** GIVEN RECORDS follows **
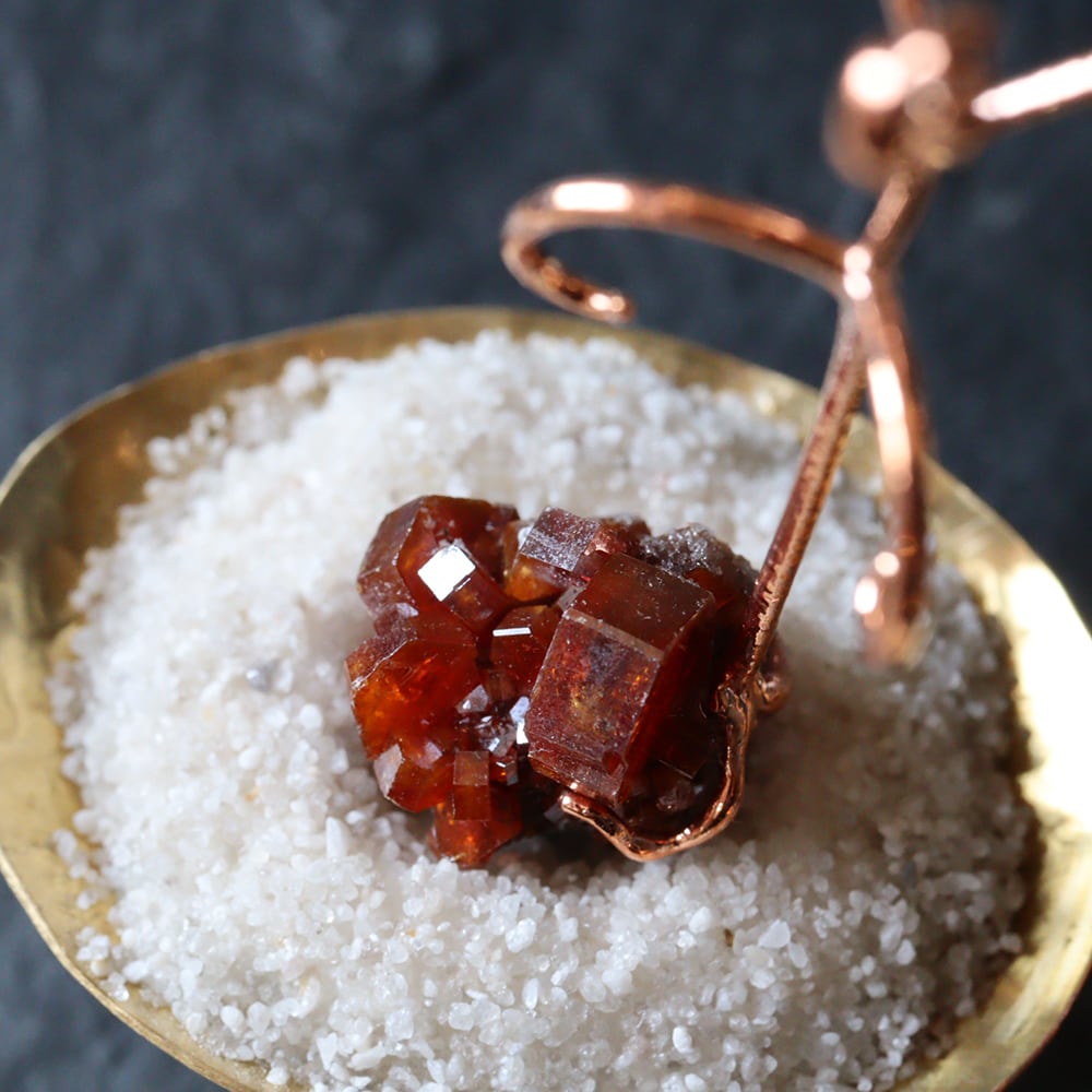 アパタイトグループで、バナジウムを主成分とする鉱物。六角形のプレートが密集する美しい造形。産業的に用いられるバナジウム鉱石のひとつで、密度が高くずっしり重みがありますが、とても脆いことも特徴です。使用したのは、2007年に見つかった非常に良質な結晶群の、そのまた地下深くから近年見つかった、更に色が濃い標本。
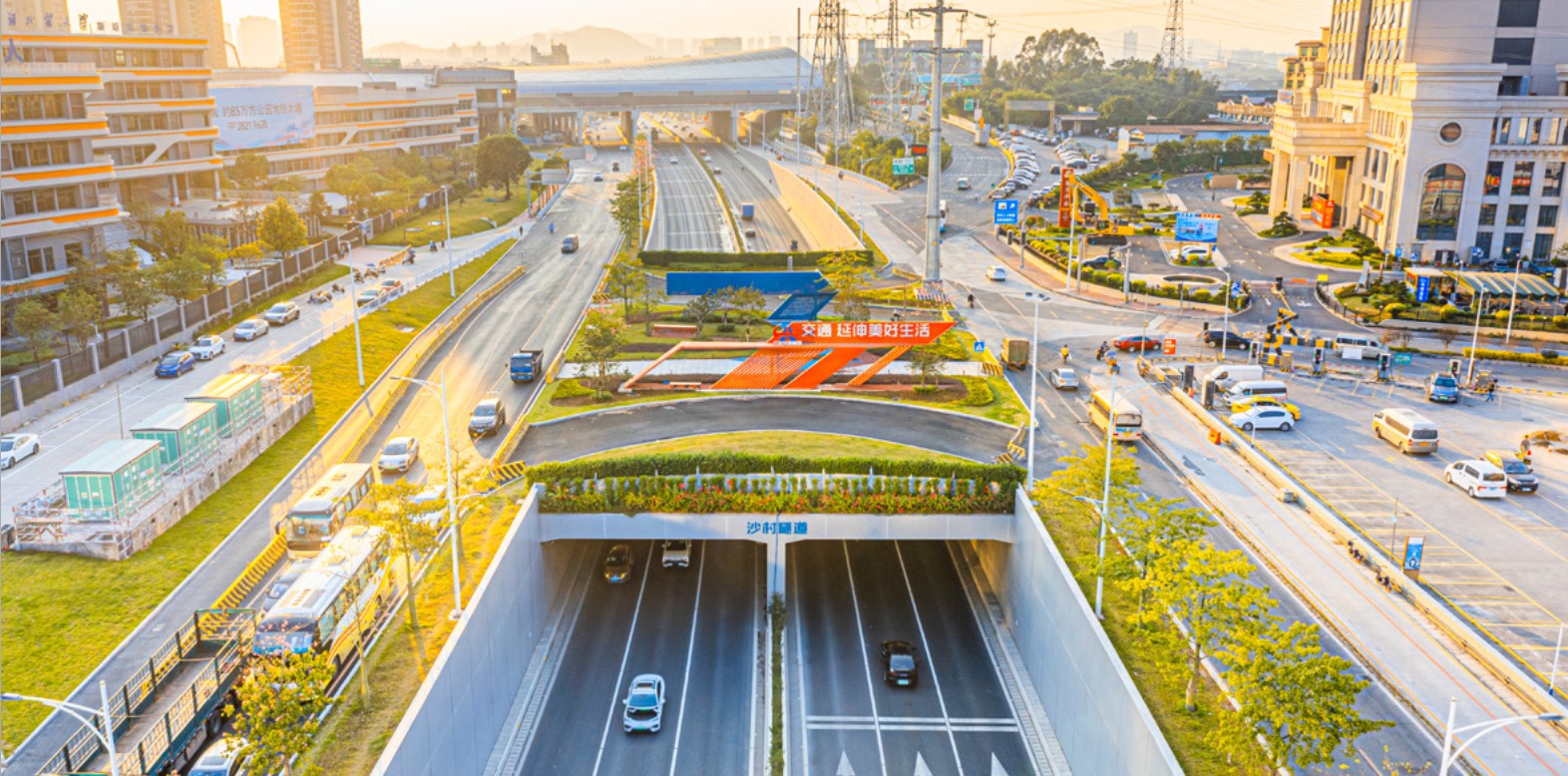 新塘立交改造工程是廣東省交通廳關(guān)于《交通強國建設(shè)廣東試點實施方案》中的交通強國建設(shè)試點項目之一,為高速公路沿線土地綜合開發(fā)的首個示范性項目,旨在探索盤活存量土地的新型發(fā)展模式。該項目建設(shè)控制因素繁雜,設(shè)計工作難度大,涉及公路、市政、建筑等各專業(yè)的協(xié)同合作,統(tǒng)籌協(xié)調(diào)難度極高。項目組成功探索出了一套技術(shù)方案,圓滿地實現(xiàn)用地整合,銜接交通工程改造,融合高速公路與沿線地區(qū)空間。
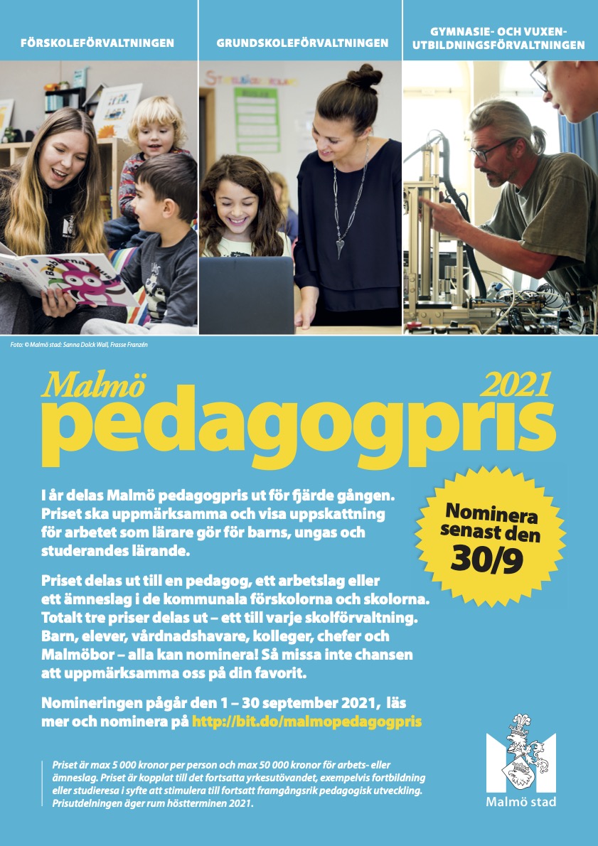 Barn, elever, vårdnadshavare, kolleger, chefer och Malmöbor – alla kan nominera en pedagog eller ett arbetslag till Malmö pedagogpris. Nomineringen sker 1-30 september. Du nominerar genom att fylla i formuläret här. Tänk på att skriva en motivering som får urvalsgruppen att förstå hur fantastisk just din favoritpedagog är!
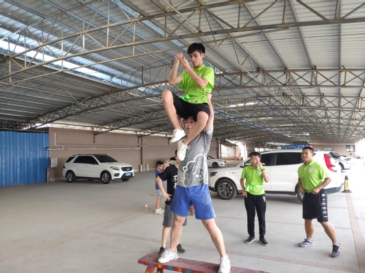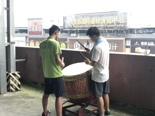 814日,队员们轮流拿着狮头复习了前面所学的群狮套路和非常考验狮头狮尾配合的大跳飞跃。经过几天的学习,大家的技艺熟练了许多,手和脚的配合也更加灵活,对于师傅的夸奖,队员们由衷的感到高兴与自豪。在练习“上凳采青”套路的前半段时,队员们充分发挥自身的舞狮技艺与想象力,通过自编上凳前的小套路,突破舞狮固定套路,取得了不俗的表现。
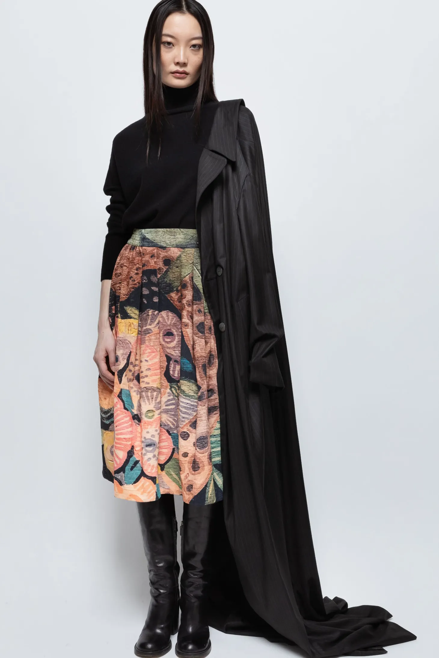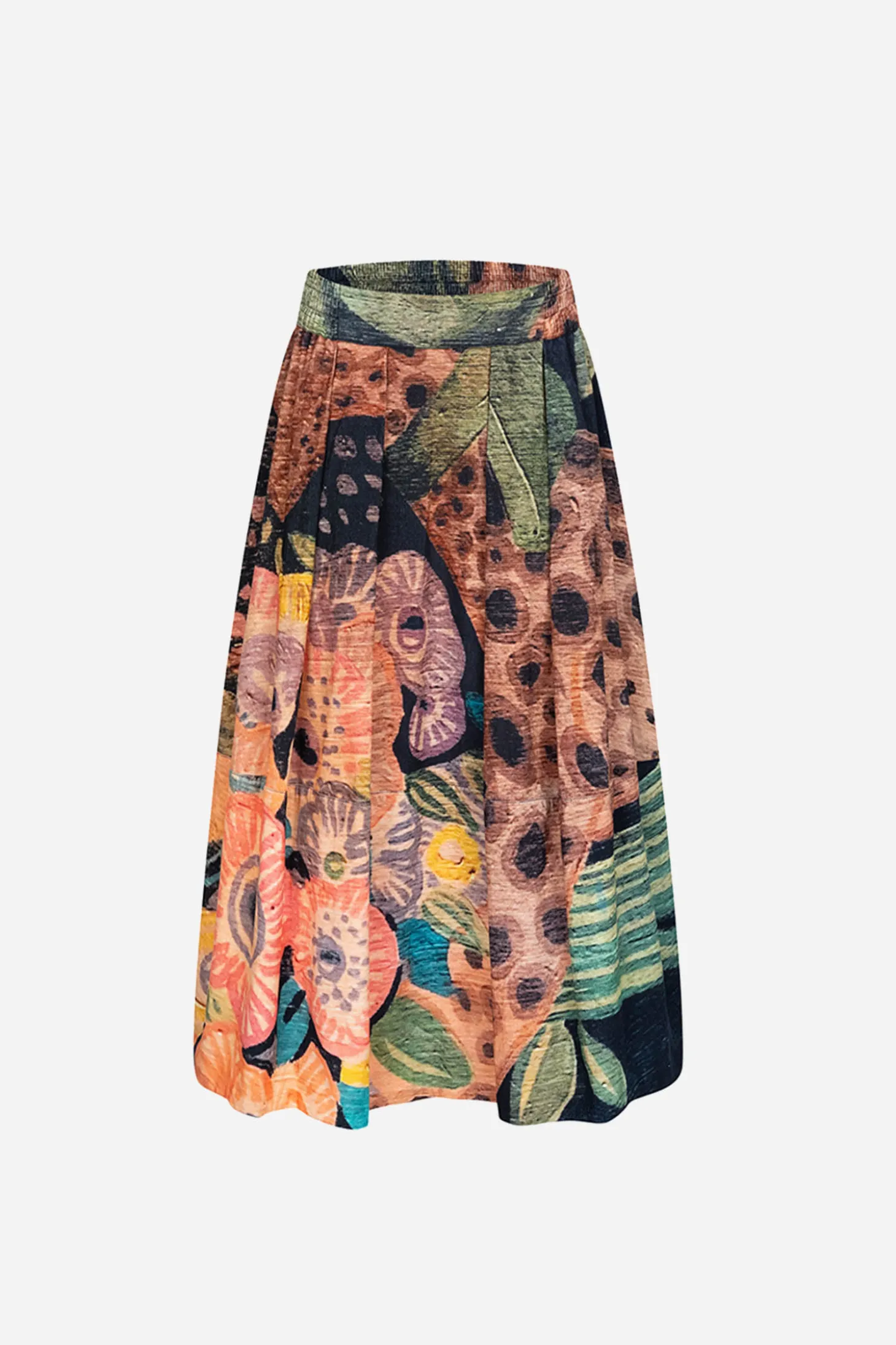 Weiter Midi-Rock aus weichem 100% Baumwollcord. Mit Gummizug am Bund, für mehr Komfort und seitlich, verdeckten Taschen. GPS-Code, der zum Ursprung des Designs zurückführt.
** End of GIVEN RECORDS **
__WHAT TO DO__: The answer is every line of the data, exactly as written, with the pictures dropped.

__SOLUTION FOR THIS TASK__:
 アパタイトグループで、バナジウムを主成分とする鉱物。六角形のプレートが密集する美しい造形。産業的に用いられるバナジウム鉱石のひとつで、密度が高くずっしり重みがありますが、とても脆いことも特徴です。使用したのは、2007年に見つかった非常に良質な結晶群の、そのまた地下深くから近年見つかった、更に色が濃い標本。
 新塘立交改造工程是廣東省交通廳關(guān)于《交通強國建設(shè)廣東試點實施方案》中的交通強國建設(shè)試點項目之一,為高速公路沿線土地綜合開發(fā)的首個示范性項目,旨在探索盤活存量土地的新型發(fā)展模式。該項目建設(shè)控制因素繁雜,設(shè)計工作難度大,涉及公路、市政、建筑等各專業(yè)的協(xié)同合作,統(tǒng)籌協(xié)調(diào)難度極高。項目組成功探索出了一套技術(shù)方案,圓滿地實現(xiàn)用地整合,銜接交通工程改造,融合高速公路與沿線地區(qū)空間。
 Barn, elever, vårdnadshavare, kolleger, chefer och Malmöbor – alla kan nominera en pedagog eller ett arbetslag till Malmö pedagogpris. Nomineringen sker 1-30 september. Du nominerar genom att fylla i formuläret här. Tänk på att skriva en motivering som får urvalsgruppen att förstå hur fantastisk just din favoritpedagog är!
 814日,队员们轮流拿着狮头复习了前面所学的群狮套路和非常考验狮头狮尾配合的大跳飞跃。经过几天的学习,大家的技艺熟练了许多,手和脚的配合也更加灵活,对于师傅的夸奖,队员们由衷的感到高兴与自豪。在练习“上凳采青”套路的前半段时,队员们充分发挥自身的舞狮技艺与想象力,通过自编上凳前的小套路,突破舞狮固定套路,取得了不俗的表现。
 Weiter Midi-Rock aus weichem 100% Baumwollcord. Mit Gummizug am Bund, für mehr Komfort und seitlich, verdeckten Taschen. GPS-Code, der zum Ursprung des Designs zurückführt.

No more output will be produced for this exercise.